La 'légende' évoquée dans le titre de ce livre n'était donc pas tout à fait intacte, comme Berenson lui-même en était douloureusement conscient. Une bonne partie du drame de Bernard Berenson : The Making of a Legend réside ainsi dans le récit vivant de la manière dont Berenson réussit pour la plupart à échapper aux formidables tentations auxquelles son rôle dans le marché de l'art le confrontait inévitablement. Il ne fait aucun doute que Berenson a pleinement profité des opportunités qui lui ont été offertes. Pourtant, Samuels a réussi à acquitter Berenson de l'accusation d'avoir sciemment falsifié ses opinions dans le but de réaliser un profit. Cela ne veut pas dire que Berenson n'a commis aucune erreur ou qu'il n'a pas accordé aux intérêts de Duveen - et aux siens - toute considération. C'est dire qu'il est resté un honnête érudit et connaisseur à travers ces tentatives hasardeuses. Avoir établi ce point au-delà de tout doute - ce que je pense que Samuels a maintenant fait - est en soi un exploit scientifique considérable, et devrait mettre fin aux nombreuses accusations imprudentes qui ont parfois été portées sur la base des preuves les plus fragiles.

Ce qu'aucun auteur honnête ne pourrait réussir à faire, cependant, c'est de faire de Berenson lui-même un personnage attachant.
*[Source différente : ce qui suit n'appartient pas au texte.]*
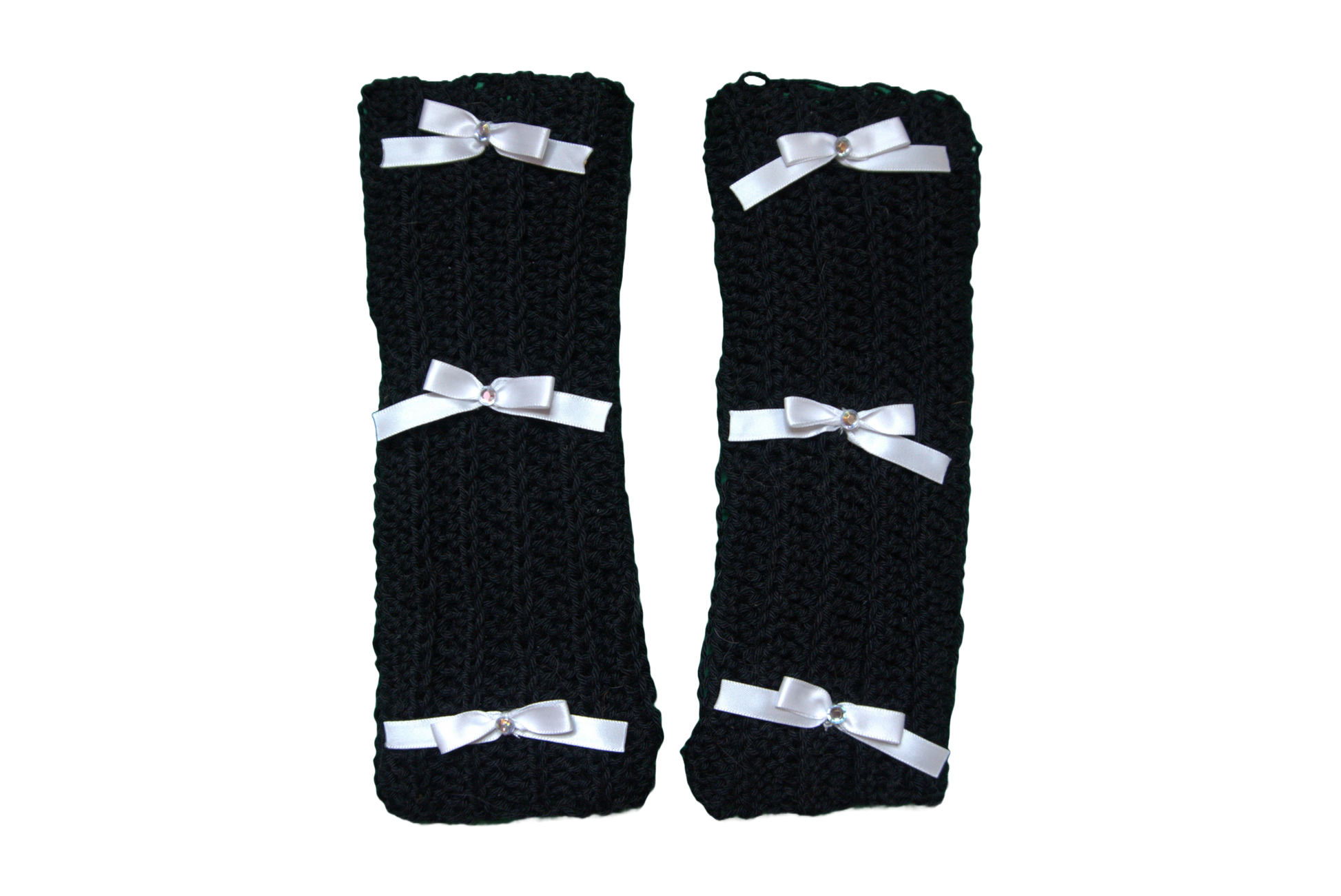 MIMOSA FINGERLESS GLOVES ☆ (BLACK WITH WHITE BOWS)

Un grand nombre de personnes douées et célèbres, de Henry Adams et Edith Wharton à Walter Lippmann et Kenneth Clark, ont clairement apprécié la conversation et la correspondance de Berenson, et une succession impressionnante de belles femmes ont succombé avec empressement à ses charmes. Il ne fait aucun doute qu'il a inspiré l'amour et la dévotion à grande échelle. Pourtant, dans les pages de ce livre (comme dans d'autres), il apparaît invariablement comme un monstre de vanité, de snobisme et d'auto-indulgence. Même sa déception bien annoncée au sujet de sa propre carrière - son échec très regretté à produire ce que Samuels appelle 'une réalisation à la Goethe'. . . une œuvre littéraire qui éblouirait ses contemporains » - apparaît rétrospectivement comme un acte élaboré d'auto-tromperie. Berenson n'a jamais été ce genre d'écrivain ou de penseur, et rien dans son œuvre ne suggère qu'il était capable de grandes réalisations littéraires.

À propos de la vie privée de Berenson, Samuels a naturellement beaucoup – peut-être trop – à nous dire. Berenson et sa femme Mary, qui travailla très étroitement avec lui dans son étude des Maîtres anciens et publièrent beaucoup dans ce domaine par elle-même, avaient ce que l'on appellerait de nos jours, je suppose, un mariage « ouvert ». Ils se confiaient régulièrement les détails intimes de leurs infidélités respectives et tentaient en général de maintenir une attitude « éclairée » envers les affaires de l'autre. Curieusement, ils ont rarement réussi à surmonter leur sensibilité à la jalousie et à d'autres émotions banales, et en vieillissant, c'était – inévitablement ? -- Mary Berenson qui a payé le prix émotionnel le plus élevé pour cet arrangement. Comme c'était généralement le cas avec Bernard Berenson, c'était son plaisir et sa convenance qui devaient être prioritaires, et Mary Berenson était obligée de faire les aménagements nécessaires.

Ce n'est pas, finalement, l'histoire du mariage des Berenson ni même l'histoire de la survie de Berenson en tant que juif américain dans une Europe dominée par Hitler et Mussolini qui donne à cette biographie son premier intérêt à notre attention. Ce qui a fait de Berenson une figure particulière de notre histoire, c'est l'attention soutenue qu'il a portée à déterminer en quoi consiste une grande réussite esthétique dans l'art. Comme l'a écrit le critique Clement Greenberg, celle de Berenson était « l'une des plus fines sensibilités jamais appliquées à l'étude de l'art », et c'est pour cette raison qu'il continue de nous intéresser. Tout le reste dans la vie de Berenson, bien que souvent fascinant, est en fin de compte subsidiaire à ce qu'il a accompli en approfondissant notre compréhension du grand art. Sur d'autres sujets, il n'a pas toujours été sage - comme cette biographie bien écrite nous le rappelle souvent. À propos de l'art qu'il chérissait, cependant, il se trompait rarement dans ses jugements esthétiques. Ce n'était pas une mince affaire, et toute personne ayant un intérêt sérieux pour l'art doit reconnaître sa dette envers elle. :: Hilton Kramer est l'éditeur de The New Criterion et l'auteur de 'The Revenge of the Philistins'.